I'm trying to solve the following question:
Given an array nums of distinct integers, return all the possible permutations. You can return the answer in any order.
I've implemented a solution using backtracking that prints all the permutations perfectly.

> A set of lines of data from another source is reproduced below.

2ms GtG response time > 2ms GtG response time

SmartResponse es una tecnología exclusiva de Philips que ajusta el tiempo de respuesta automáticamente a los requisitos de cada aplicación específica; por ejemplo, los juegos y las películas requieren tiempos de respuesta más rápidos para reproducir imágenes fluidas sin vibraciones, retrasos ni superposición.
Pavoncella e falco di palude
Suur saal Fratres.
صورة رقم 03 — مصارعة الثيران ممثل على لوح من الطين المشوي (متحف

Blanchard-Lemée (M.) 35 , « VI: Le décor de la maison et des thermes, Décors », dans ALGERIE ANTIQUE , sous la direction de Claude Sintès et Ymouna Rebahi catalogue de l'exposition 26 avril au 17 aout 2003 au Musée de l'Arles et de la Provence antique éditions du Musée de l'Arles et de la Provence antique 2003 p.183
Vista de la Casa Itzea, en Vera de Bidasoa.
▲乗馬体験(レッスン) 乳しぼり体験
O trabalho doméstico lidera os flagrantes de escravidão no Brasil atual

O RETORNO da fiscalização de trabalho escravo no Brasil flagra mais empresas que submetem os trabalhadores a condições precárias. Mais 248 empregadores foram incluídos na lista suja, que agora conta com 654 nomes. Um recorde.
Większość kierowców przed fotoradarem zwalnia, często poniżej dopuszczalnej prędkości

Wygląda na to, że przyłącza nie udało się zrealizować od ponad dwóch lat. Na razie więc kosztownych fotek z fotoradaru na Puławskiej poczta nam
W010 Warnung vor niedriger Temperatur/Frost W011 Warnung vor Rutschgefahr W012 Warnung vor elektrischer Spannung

However, when I try to append each permutation to a list and store the result, it doesn't work.
Here is my code in Python:
Function to store all permutations of list:
def myRec(nums, l, r, ans_list):
if(l == r):
#print(nums) (this works perfectly!)
ans_list.append(nums) #this does not
return
for i in range(l, r+1):
nums[i], nums[l] = nums[l], nums[i]
myRec(nums, l+1, r, ans_list)
nums[i], nums[l] = nums[l], nums[i]
Function to return the list of permutations:
def permute(nums: List[int]) -> List[List[int]]:
ans_list = []
myRec(nums, 0, len(nums)-1, ans_list)
return ans_list
However, for some reason when I run this it overwrites all the elements in ans_list with the most recent permutation of nums:
Expected output:
[[1, 2, 3], [1, 3, 2], [2, 1, 3], [2, 3, 1], [3, 2, 1], [3, 1, 2]]
Actual output:
[[1, 2, 3], [1, 2, 3], [1, 2, 3], [1, 2, 3], [1, 2, 3], [1, 2, 3]]
What am I doing wrong?
ans_list.append(nums)
This will just add the reference to the same list over and over again to the answer list. What you want is to capture a snapshot of the list at that point in time. You can do that by making a copy of the list.

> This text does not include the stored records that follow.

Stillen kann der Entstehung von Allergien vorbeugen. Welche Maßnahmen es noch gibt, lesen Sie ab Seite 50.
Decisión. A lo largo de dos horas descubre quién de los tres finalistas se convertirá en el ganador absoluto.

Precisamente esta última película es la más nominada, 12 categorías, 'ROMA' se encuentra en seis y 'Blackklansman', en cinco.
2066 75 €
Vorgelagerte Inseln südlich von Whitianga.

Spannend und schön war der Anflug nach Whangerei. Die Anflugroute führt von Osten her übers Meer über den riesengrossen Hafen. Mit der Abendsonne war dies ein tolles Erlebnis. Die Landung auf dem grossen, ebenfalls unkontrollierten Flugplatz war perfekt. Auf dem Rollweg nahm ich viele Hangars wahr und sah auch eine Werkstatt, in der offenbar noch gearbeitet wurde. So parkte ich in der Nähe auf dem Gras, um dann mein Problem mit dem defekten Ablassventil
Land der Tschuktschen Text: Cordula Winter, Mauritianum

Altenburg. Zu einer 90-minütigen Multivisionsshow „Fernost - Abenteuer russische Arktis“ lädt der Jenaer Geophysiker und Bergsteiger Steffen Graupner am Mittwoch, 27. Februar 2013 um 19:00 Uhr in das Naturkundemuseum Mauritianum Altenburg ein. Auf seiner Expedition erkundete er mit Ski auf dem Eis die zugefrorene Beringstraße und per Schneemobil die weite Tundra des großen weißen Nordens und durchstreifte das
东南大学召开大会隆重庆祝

def myRec(nums, l, r, ans_list):
if l == r:
ans_list.append(nums.copy()) # add a copy of the list
return
for i in range(l, r + 1):
nums[i], nums[l] = nums[l], nums[i]
myRec(nums, l + 1, r, ans_list)
nums[i], nums[l] = nums[l], nums[i]
Which works as expected:
[[1, 2, 3], [1, 3, 2], [2, 1, 3], [2, 3, 1], [3, 2, 1], [3, 1, 2]]
Note: if you have nested objects in your list, you might need to deepcopy the list instead.